[Python-ideas] Support parsing stream with `re`

Mon Oct 8 16:30:39 EDT 2018

On 08Oct2018 13:36, Ram Rachum <ram at rachum.com> wrote:
>I'm not an expert on memory. I used Process Explorer to look at the
>Process. The Working Set of the current run is 11GB. The Private Bytes is
>708MB. Actually, see all the info here:
>https://www.dropbox.com/s/tzoud028pzdkfi7/screenshot_TURING_2018-10-08_133355.jpg?dl=0

And the process' virtual size is about 353GB, which matches having your file 
mmaped (its contents is now part of your process virtual memory space).

>I've got 16GB of RAM on this computer, and Process Explorer says it's
>almost full, just ~150MB left. This is physical memory.

I'd say this is expected behaviour.
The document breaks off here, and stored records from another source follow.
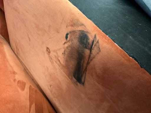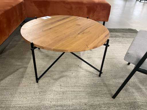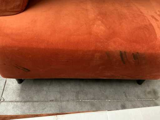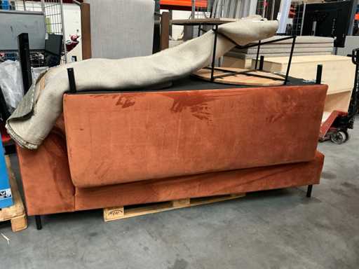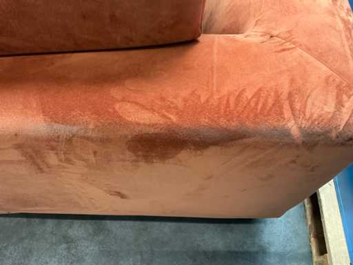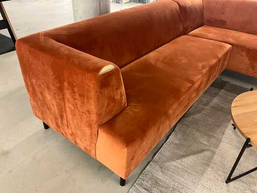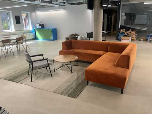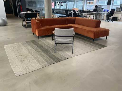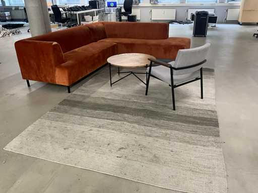 Bestaande uit: hoekbank 270x230x75cm, koffietafel Ø 79cm hoogte 39cm, stoel, vloerkleed 306x205cm. Let op vlekken in de zithoek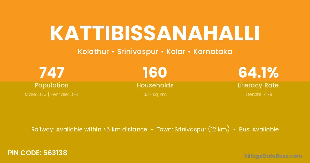 Srinivaspur (12 km) is the nearest town to Kattibissanahalli village for major economic activities and is located approximately 12 km away.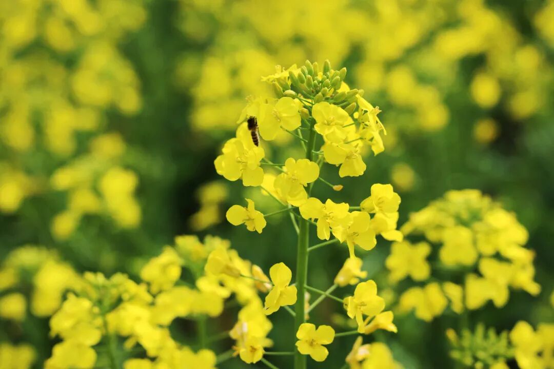 蜜蜂是这片花海最忙碌的“子民”,嗡嗡声为盛事伴奏;偶有蝴蝶翩跹,翅膀沾着金黄花粉,如会飞的花瓣在花间起舞。

As you access the memory it is paged into 
physical memory, and since it may be wanted again (the OS can't tell) it isn't 
paged out until that becomes necessary to make room for other virtual pages.

I suspect (but would need to test to find out) that sequentially reading the 
file instead of memory mapping it might not be so aggressive because your 
process would be reusing that same small pool of memory to hold data as you 
scan the file.

Cheers,
Cameron Simpson <cs at cskk.id.au>